Solidarietà e impegno. L’ex sindaco di Tirano Franco Spada: «Sono emersi i valori di questa comunità»

Attivissimo sui social con alcune pillole video durante il tempo del lockdown

Senza ombra di dubbio, Franco Spada, non ce ne vogliano i suoi colleghi o ex colleghi, può essere definito il “sindaco del Covid”. Non solo perché, come tutti i primi cittadini, si è trovato a dover gestire l’emergenza nella sua città, ma per come lo ha fatto informando giorno e notte della situazione locale, nazionale e internazionale, rassicurando tramite social i suoi cittadini, con sensibilità e tempismo. Spada, oggi, non è più sindaco di Tirano, ma i ricordi restano indelebili.

«Il mio primo ricordo parte dal 31 gennaio 2020 quando, sui giornali, lessi che il governo italiano dichiarò l’emergenza pandemica e pensai subito che una situazione di pandemia, che dai telegiornali veniva descritta in Cina, a breve sarebbe arrivata anche da noi e ci si doveva preparare anche come Comune. Pensai subito alle strutture a Tirano ove erano presenti persone con elevate fragilità. Di seguito, dei primi mesi di epidemia, mi rimane impressa la solitudine delle persone per le chiusure e tanti drammi consumati in silenzio nelle famiglie senza la possibilità di avere un funerale e un conforto e una condivisione sociale del proprio lutto. In quel periodo di isolamento ogni persona ha costruito la propria opinione sulla pandemia in relazione alla propria esperienza che è diversa a seconda della propria età o del proprio lavoro e questa percezione si è trascinata sino ad oggi. Ogni sindaco era a conoscenza della situazione della propria comunità con i dati che gli venivano forniti quotidianamente dall’Azienda sanitaria, ma, di fatto, viveva in solitudine questa situazione in quanto queste informazioni non potevano essere condivise.
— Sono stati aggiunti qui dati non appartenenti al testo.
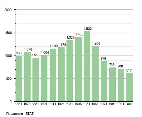 Население составляет 575 человек (2008 г.), плотность населения составляет 58 чел./км². Занимает площадь 10 км². Почтовый индекс — 89020. Телефонный код — 0966.
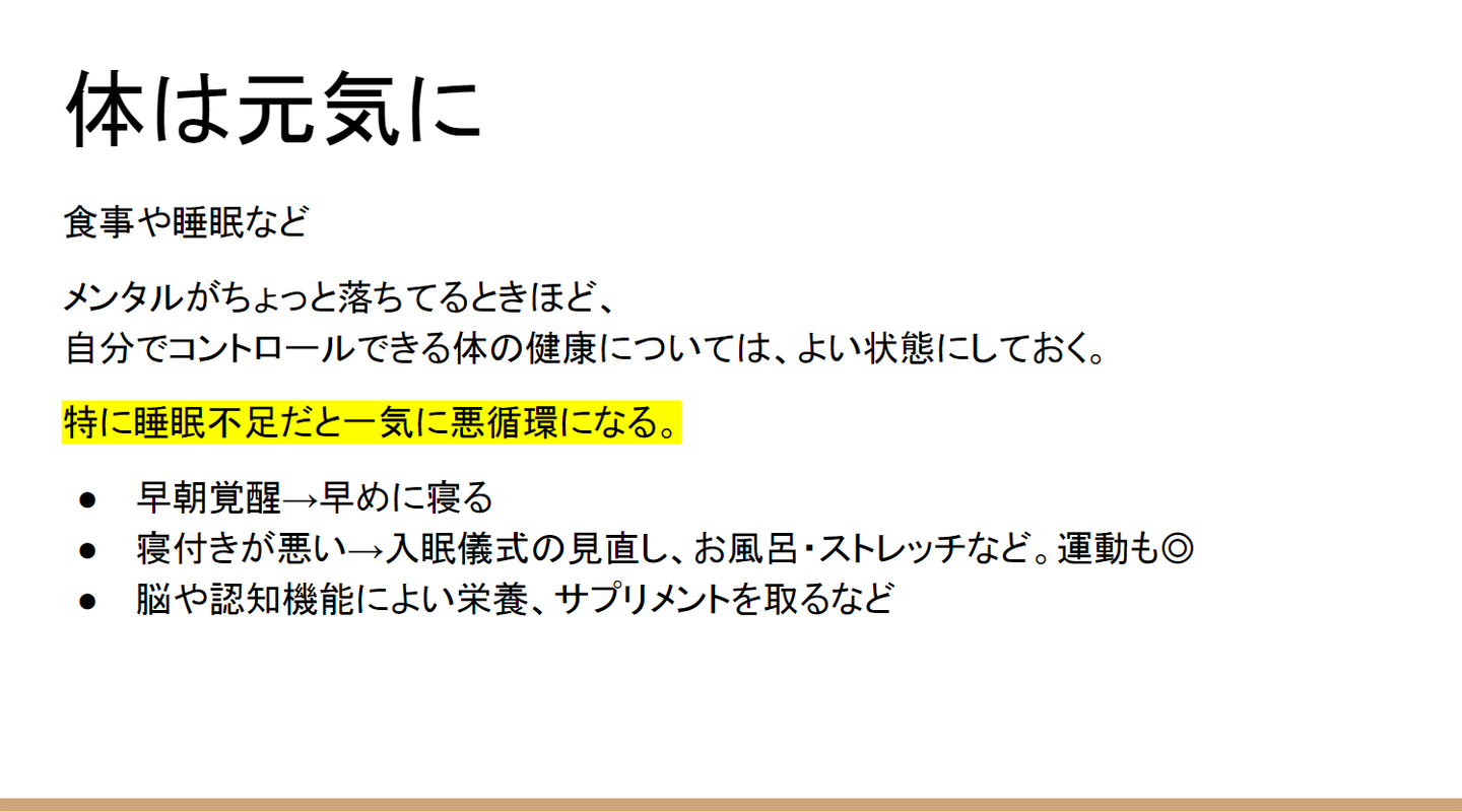 メンタルが落ちている時ほど、体の健康は意識的によい状態にしておくことが重要です。
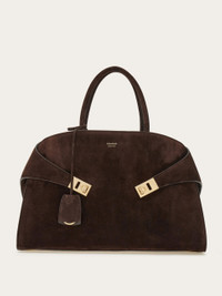 A retro-inspired take on the top handle bag, featuring a soft paneled construction in buttery soft suede. Spacious and perfectly organized, the special design features an asymmetrical back from which two wide straps wrap the side bellows and fasten on the front panel via palladium-toned Gancini buckles. The internal compartment has a ring closure, and is fitted with a lined zip pocket. A keychain charm dangles from the top handle, while custom metal studs protect the base. - A) Height 9.4 IN B) Length 14.9 IN C) Width 8.6 IN - Composition: suede - Handle drop: 5.5 in/14 cm - Large - Made in ITALY - Product code: 219915 779241

Io decisi, da inizio marzo del 2020, di mettere a frutto nozioni di statistica apprese nei miei studi al Politecnico di Milano e cercare di avere un monitoraggio statistico di quanto stava avvenendo, per conoscere e governare la situazione e tali dati condividerli con la cittadinanza per aumentare la consapevolezza collettiva e ridurre l’incertezza e l’ansia».

Quali azioni ha posto in atto?

Oltre alla costante azione di informazione della cittadinanza e delle attività economiche sui continui cambiamenti normativi, l’azione del Comune cercò di essere di supporto alle difficoltà sociali che emersero in quel periodo garantendo accesso costante e contatto con l’amministrazione pubblica. In quei mesi non tutti fummo nella stessa situazione. Ci furono famiglie che rimasero, di fatto, senza reddito per diverso tempo ed il Comune ha cercato di non lasciare indietro nessuno.

Come hanno risposto i tiranesi?

In quel frangente, come avviene nelle difficoltà, sono emersi a mio avviso gli importanti valori collettivi che contraddistinguono la comunità di Tirano quali la solidarietà, la riservatezza, l’impegno personale, che hanno consentito di limitare l’impatto dell’epidemia sulla comunità sia in termini sociali che economici.

Il Covid ha lasciato strascichi nella società civile di Tirano o portato cambiamenti sul lavoro?

Il periodo Covid, non solo a Tirano, ha lasciato pesanti conseguenze nella società civile nei termini di percezione della realtà, delle priorità di interesse e capacità di relazione sociale. Due anni e mezzo di isolamento con il bombardamento e la diffusione di comunicazione social e della comunicazione a distanza,, ci ha cambiato e probabilmente non in meglio. Spesso si vive il quotidiano senza avere la capacità di progettare il futuro anche tramite un sogno.

Sono passati cinque anni. La gente ricorda o ha dimenticato?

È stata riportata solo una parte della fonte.